• PLAID uses latent diffusion to generate protein 1D sequences and 3D structures simultaneously. • It learns from protein folding models’ latent space, enabling multimodal co‑generation of discrete sequences and continuous coordinates. • Supports compositional function and organism prompts, trained on vast sequence databases (2‑4 orders larger than structure sets). • Addresses key limitations: all‑atom generation, organism specificity, and control specification for drug‑design relevance. • Builds on AlphaFold2’s success, aiming to move beyond folding to practical protein design and therapeutics. • Future interface could let users specify constraints like solubility, delivery format, or immune compatibility.
Article Summaries:
- PLAID: A Multimodal Protein Generator Using Latent Diffusion
Following the 2024 Nobel Prize awarded to AlphaFold2, researchers have introduced PLAID, a generative model that simultaneously produces protein 1‑D sequences and all‑atom 3‑D structures.
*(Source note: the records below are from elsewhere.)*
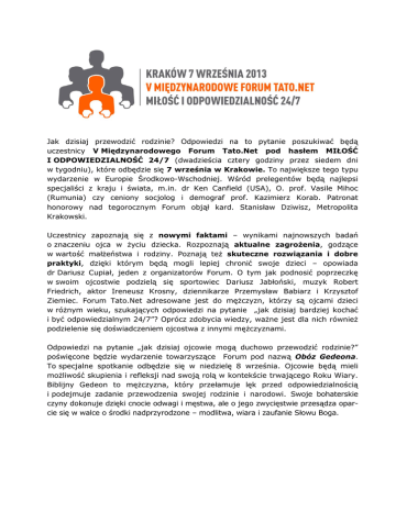 Jak dzisiaj przewodzić rodzinie? Odpowiedzi na to pytanie poszukiwać będą uczestnicy V Międzynarodowego Forum Tato.Net pod hasłem MIŁOŚĆ I ODPOWIEDZIALNOŚĆ 24/7 (dwadzieścia cztery godziny przez siedem dni w tygodniu), które odbędzie się 7 września w Krakowie. To największe tego typu wydarzenie w Europie Środkowo-Wschodniej. Wśród prelegentów będą najlepsi specjaliści z kraju i świata, m.in. dr Ken Canfield (USA), O. prof. Vasile Mihoc (Rumunia) czy ceniony socjolog i demograf prof. Kazimierz Korab. Patronat honorowy nad tegorocznym Forum objął kard. Stanisław Dziwisz, Metropolita Krakowski. Uczestnicy zapoznają się z nowymi faktami – wynikami najnowszych badań o znaczeniu ojca w życiu dziecka. Rozpoznają aktualne zagrożenia, godzące w wartość małżeństwa i rodziny. Poznają też skuteczne rozwiązania i dobre praktyki, dzięki którym będą mogli lepiej chronić swoje dzieci – opowiada dr Dariusz Cupiał, jeden z organizatorów Forum. O tym jak podnosić poprzeczkę w swoim ojcostwie podzielą się sportowiec Dariusz Jabłoński, muzyk Robert Friedrich, aktor Ireneusz Krosny, dziennikarze Przemysław Babiarz i Krzysztof Ziemiec. Forum Tato.Net adresowane jest do mężczyzn, którzy są ojcami dzieci w różnym wieku, szukających odpowiedzi na pytanie „jak dzisiaj bardziej kochać i być odpowiedzialnym 24/7”? Oprócz zdobycia wiedzy, ważne jest dla nich również podzielenie się doświadczeniem ojcostwa z innymi mężczyznami. Odpowiedzi na pytanie „jak dzisiaj ojcowie mogą duchowo przewodzić rodzinie?” poświęcone będzie wydarzenie towarzyszące Forum pod nazwą Obóz Gedeona. To specjalne spotkanie odbędzie się w niedzielę 8 września. Ojcowie będą mieli możliwość skupienia i refleksji nad swoją rolą w kontekście trwającego Roku Wiary. Biblijny Gedeon to mężczyzna, który przełamuje lęk przed odpowiedzialnością i podejmuje zadanie przewodzenia swojej rodzinie i narodowi. Swoje bohaterskie czyny dokonuje dzięki cnocie odwagi i męstwa, ale o jego zwycięstwie przesądza oparcie się w walce o środki nadprzyrodzone – modlitwa, wiara i zaufanie Słowu Boga. Kiedy? 7.09.2013 (sobota), godz. 10-18 8.09.2013 (niedziela), godz. 9-14 V Międzynarodowe Forum Tato.Net Obóz Gedeona Gdzie? Centrum Hotelowo-Konferencyjne "Witek" Modlniczka, ul. Handlowców 14, Modlnica-Kraków Kto jest organizatorem? Fundacja Cyryla i Metodego, zwracając uwagę na niezastąpioną i niedocenianą rolę ojca w rodzinie, podjęła w 2004 roku Inicjatywę Tato.Net, której celem jest pomaganie mężczyznom w odkrywaniu świadomego i odpowiedzialnego ojcostwa, oraz tworzenie klimatu społecznego sprzyjającego zaangażowaniu ojców w rodzinie. Fundacja podejmuje następujące działania: organizuje warsztaty, seminaria i konferencje dla ojców; prowadzi serwis internetowy www.tato.net; przeprowadza badania i sondaże; wydaje publikacje na temat ojcostwa. Tato.Net to także sieć współpracy ojców, inspirujących się wzajemnie doświadczeniem, wiedzą i umiejętnościami. Poprzednie Fora Tato.Net odbywały się w Lublinie (2004), Głogowie (2005), Lwowie (2006) oraz Warszawie (2010). Wśród prelegentów znajdą się m.in.: Dr Ken Canfield (USA) – założyciel National Center for Fathering i członek Międzynarodowej Rady Programowej Tato.Net, specjalista w problematyce rodziny, autor bestsellerowych książek na temat ojcostwa, uhonorowany w 2010 r. Krzyżem Kawalerskim Orderu Zasługi Rzeczypospolitej Polskiej. Ojciec pięciorga dzieci. O. prof. Vasile Mihoc (Rumunia) – Prawosławny duchowny, biblista, studiował w Bukareszcie i Jerozolimie. Od 1974 r. wykłada Nowy Testament w Sibiu, w Rumunii. Jest członkiem Towarzystwa Naukowego Biblistów Prawosławnych. Moderator Lords Army – znaczącego ruchu odnowy wśród rumuńskich prawosławnych chrześcijan. Pracuje również dla organizacji World Vision. Z żoną Octavią mają trzynaścioro dzieci. prof. Kazimierz Korab – socjolog i demograf, rektor Szkoły Wyższej im. Bogdana Jańskiego. Prowadzi m. in. wykłady z demografii społecznej, jest prezesem Konwentu Chrześcijan dla Europy oraz członkiem Rady Programowej Tato.Net. Kontakt: Dariusz Cupiał, tel. 81 527 99 13, e-mail: [email protected]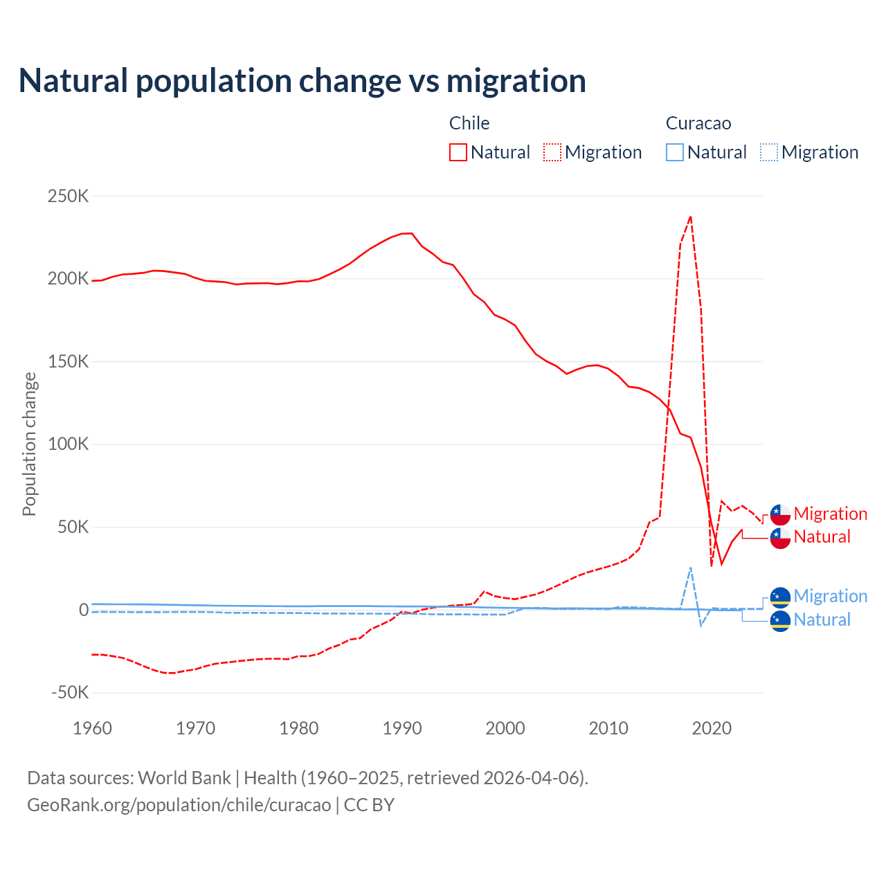 Over the last 10 years, 43.5% of the population change in Chile is from natural causes (a gain of 844,683 people) and 56.5% is from migration (a gain of 1,097,597 people). In Curacao 3.72% is from natural causes (a gain of 834 people) and 96.3% is from migration (a gain of 21,615 people).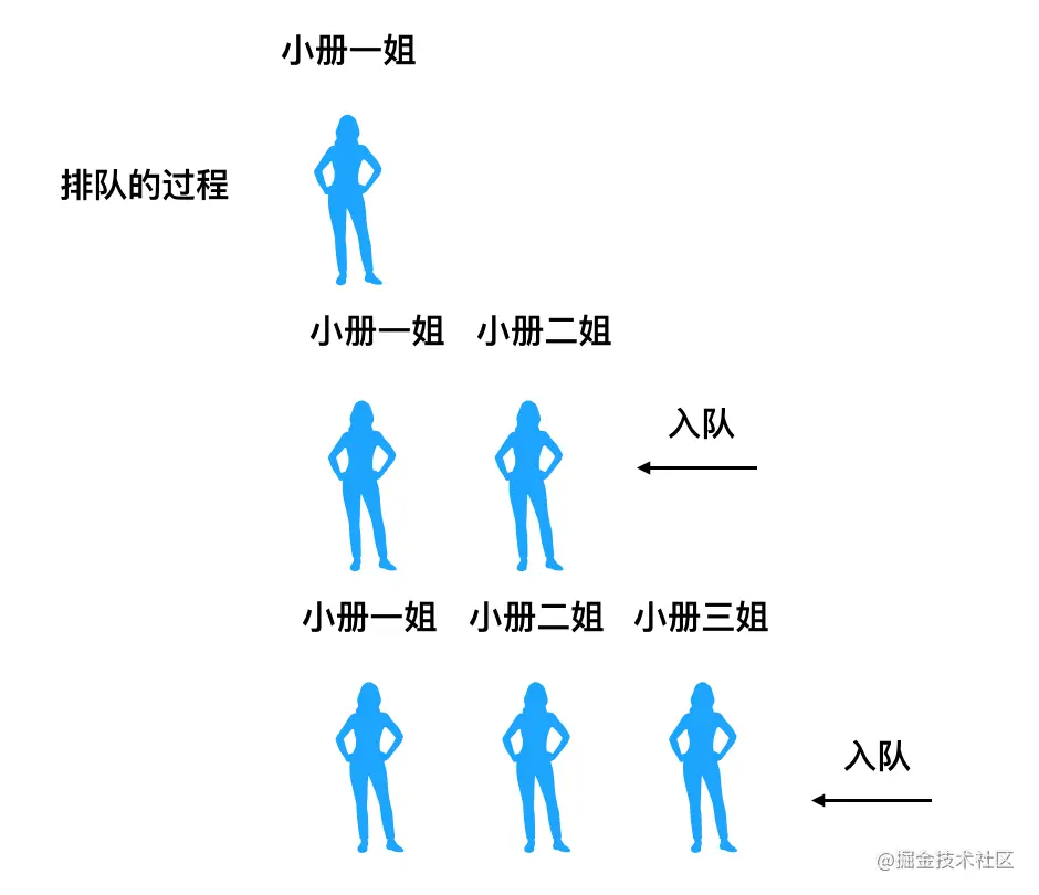下面我们基于数组来实现一波队列的常用操作,完成“小册姐排队”和“小册姐取餐”的过程: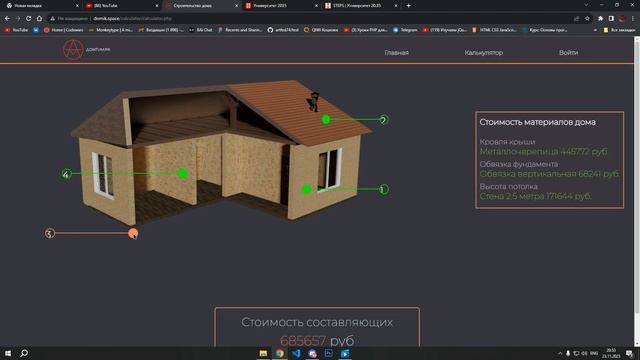 Прототип. Калькулятор стоимости строительства дома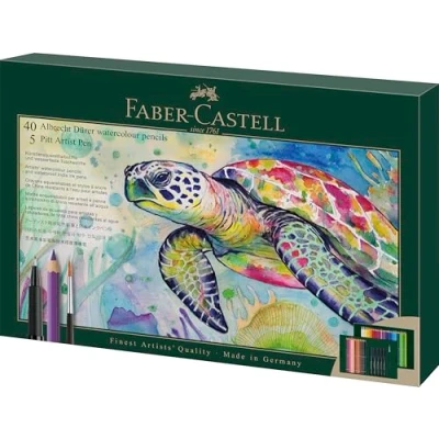 ALBRECHT DURER High-quality pencils, acid-free pigments in bright colours, offering unsurpassed lightfasness. Features fully water soluble lead, and soft, vibrant colour laydown. Essential art supplies for adult PITT ARTIST PEN Features pigmented, waterproof and permanent India ink. Offers high lightfastness. Pens have a reliable, even flow of ink, with the point gliding smoothly over the paper. Ink is archival quality. Suited to drawing, plans, layout work QUALITY Eco pencil. Made in Germany, wood from sustainable forestry. Presented in a lovely box. When looking for top-quality art product there really is nothing better than Faber-Castell supplies GIFT Faber-Castell Albrecht Dürer & Pitt Pen Gift Set, 46 Piece Set makes a perfect present for any artist, whether professional or hobby artist alike. Watercolour meets waterproof, with Albrecht Dürer & Pitt Artist Pen BRAND Faber-Castell is globally renowned and loved. They are a world leading manufacturer of top-quality, innovative art materials. Faber-Castell have become the go-to brand for artists for centuries, whether professional or hobby artist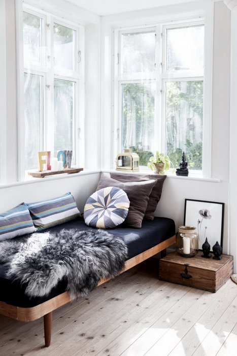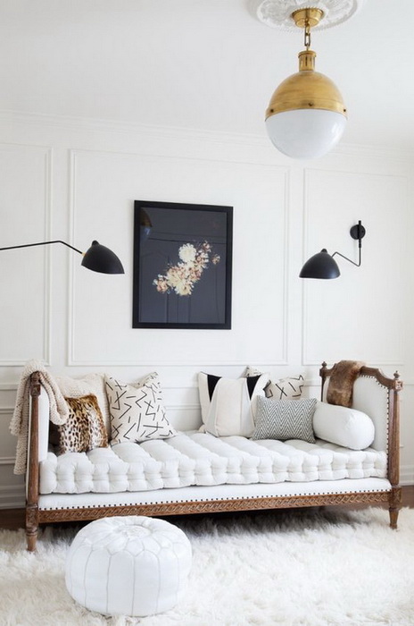 Фермерский стиль для кушеток тоже весьма уместен и интересен. Его отлично дополняют геометрические подушки, богатые цвета, меха и обилие солнечного света. А если еще рядом с такой кушеткой еще и поместить какой-нибудь деревенский антиквариат, то она наверняка станет самым милым уголком для отдыха.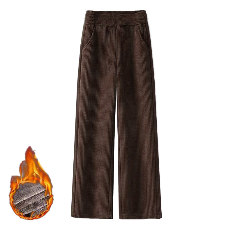 直筒灯芯绒裤子女款高腰显瘦秋冬新款加绒中年妈妈保暖加厚阔腿裤
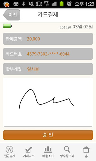 beSMART를 통하여 읽은 카드 정보는 스마트폰 통하여 카드 결재가 이루어 집니다.

PLAID learns a diffusion process over the latent space of existing folding models, enabling it to generate new proteins from large sequence databases-2-4 orders of magnitude larger than structural datasets-without requiring structural training data. The model supports multimodal co‑generation, organism‑specific “humanization,” and compositional textual prompts for function and other constraints, aiming to bridge the gap between protein design and practical drug development.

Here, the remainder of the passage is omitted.